***** Record extracts *****

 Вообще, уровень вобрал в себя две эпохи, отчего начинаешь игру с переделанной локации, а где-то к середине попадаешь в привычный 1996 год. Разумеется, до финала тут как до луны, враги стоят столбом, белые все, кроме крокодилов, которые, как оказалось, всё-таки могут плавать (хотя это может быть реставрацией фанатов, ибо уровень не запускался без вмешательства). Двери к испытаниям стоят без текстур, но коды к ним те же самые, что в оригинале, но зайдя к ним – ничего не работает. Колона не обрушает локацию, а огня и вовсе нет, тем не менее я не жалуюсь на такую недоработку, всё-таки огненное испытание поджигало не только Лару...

*****
***** Record extracts *****

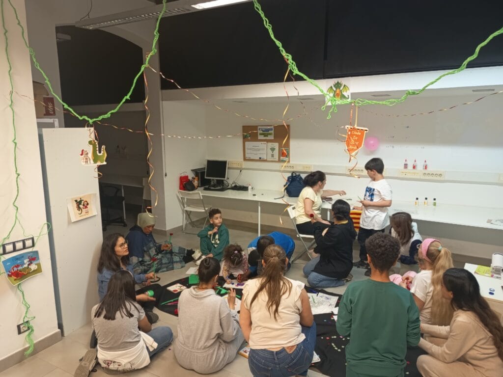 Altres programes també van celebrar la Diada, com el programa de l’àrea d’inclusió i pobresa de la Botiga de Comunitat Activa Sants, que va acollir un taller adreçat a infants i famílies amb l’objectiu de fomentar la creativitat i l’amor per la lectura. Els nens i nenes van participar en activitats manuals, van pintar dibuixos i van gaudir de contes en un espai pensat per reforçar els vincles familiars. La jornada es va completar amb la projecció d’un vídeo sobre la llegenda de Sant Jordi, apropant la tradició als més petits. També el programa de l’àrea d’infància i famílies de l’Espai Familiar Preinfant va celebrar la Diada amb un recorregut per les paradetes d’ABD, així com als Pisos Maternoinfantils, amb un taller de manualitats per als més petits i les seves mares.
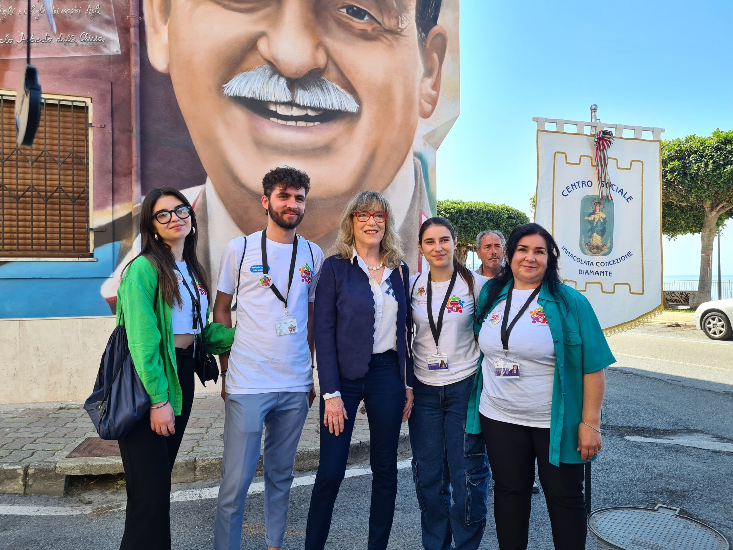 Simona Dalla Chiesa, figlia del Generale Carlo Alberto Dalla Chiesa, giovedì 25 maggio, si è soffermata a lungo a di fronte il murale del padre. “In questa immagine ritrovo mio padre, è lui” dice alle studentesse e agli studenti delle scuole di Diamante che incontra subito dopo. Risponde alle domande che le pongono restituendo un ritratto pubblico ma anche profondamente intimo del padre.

*****

■ Work required ■
Using the material above, reproduce only the lines that run from the line with "Altres programes també" up to and including the line with "Simona Dalla Chiesa, figlia", exactly, with the pictures dropped.

■ Response ■
 Altres programes també van celebrar la Diada, com el programa de l’àrea d’inclusió i pobresa de la Botiga de Comunitat Activa Sants, que va acollir un taller adreçat a infants i famílies amb l’objectiu de fomentar la creativitat i l’amor per la lectura. Els nens i nenes van participar en activitats manuals, van pintar dibuixos i van gaudir de contes en un espai pensat per reforçar els vincles familiars. La jornada es va completar amb la projecció d’un vídeo sobre la llegenda de Sant Jordi, apropant la tradició als més petits. També el programa de l’àrea d’infància i famílies de l’Espai Familiar Preinfant va celebrar la Diada amb un recorregut per les paradetes d’ABD, així com als Pisos Maternoinfantils, amb un taller de manualitats per als més petits i les seves mares.
 Simona Dalla Chiesa, figlia del Generale Carlo Alberto Dalla Chiesa, giovedì 25 maggio, si è soffermata a lungo a di fronte il murale del padre. “In questa immagine ritrovo mio padre, è lui” dice alle studentesse e agli studenti delle scuole di Diamante che incontra subito dopo. Risponde alle domande che le pongono restituendo un ritratto pubblico ma anche profondamente intimo del padre.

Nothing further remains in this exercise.